The WHCD and the death of humor

It’s much more likely that Trump is a symptom, or at least a correlate, rather than a cause of whatever has drained the funny from traditional joke telling. The explanation may be as simple as this: We have witnessed the death of an art form. Stand-up joke telling has died in the same way that some of us of a certain age have watched the Broadway musical die, and as our lucky grandparents before us watched the operetta die. (I would have paid to see that.) Jokes that nearly everyone understands as jokes require shared assumptions, even a broad reservoir of lightheartedness and goodwill, and we no longer share those in our fractured republic. Humor has been privatized.

While feeling terrible for the Times interns, we should reserve some sympathy for the comedians and their writers. They must be miserable. Colbert, the Jimmies Kimmel and Fallon, Corden, and the others have shown genuine comedic gifts in earlier phases of their career. Surely they don’t pay top dollar to hire subpar writers to furnish them with non-jokes and pull their slack marionette strings.
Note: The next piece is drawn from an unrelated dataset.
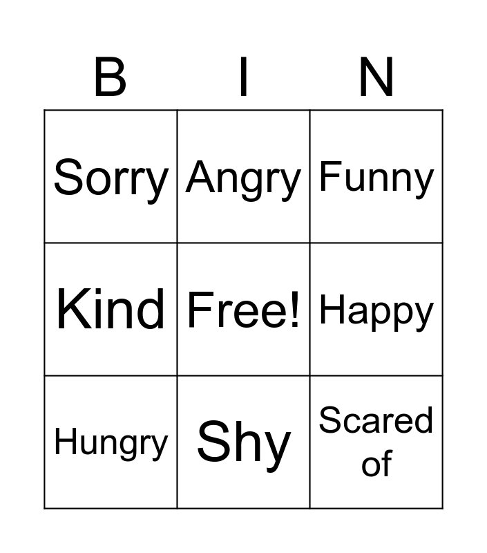 This bingo card has a free space and 8 words: Happy, Funny, Angry, Hungry, Sorry, Scared of, Kind and Shy.

It can’t be fun, much less funny, feeding line after line to a studio audience only to elicit what Seth Meyers—in an earlier, funnier phase of his career—called “clapter.” Meyers coined the term to describe a reaction that’s 2 percent laughter and 98 percent applause, a way for an audience to let the joke teller and one another know that they’re all on the same team. Still, the videos on the Times’ “Best of Late Night” page show the studio audiences clapting to the point of seizure, five nights a week. I can’t image how they keep it up. Maybe they get a popper of amyl nitrate with their Late Show tote bags.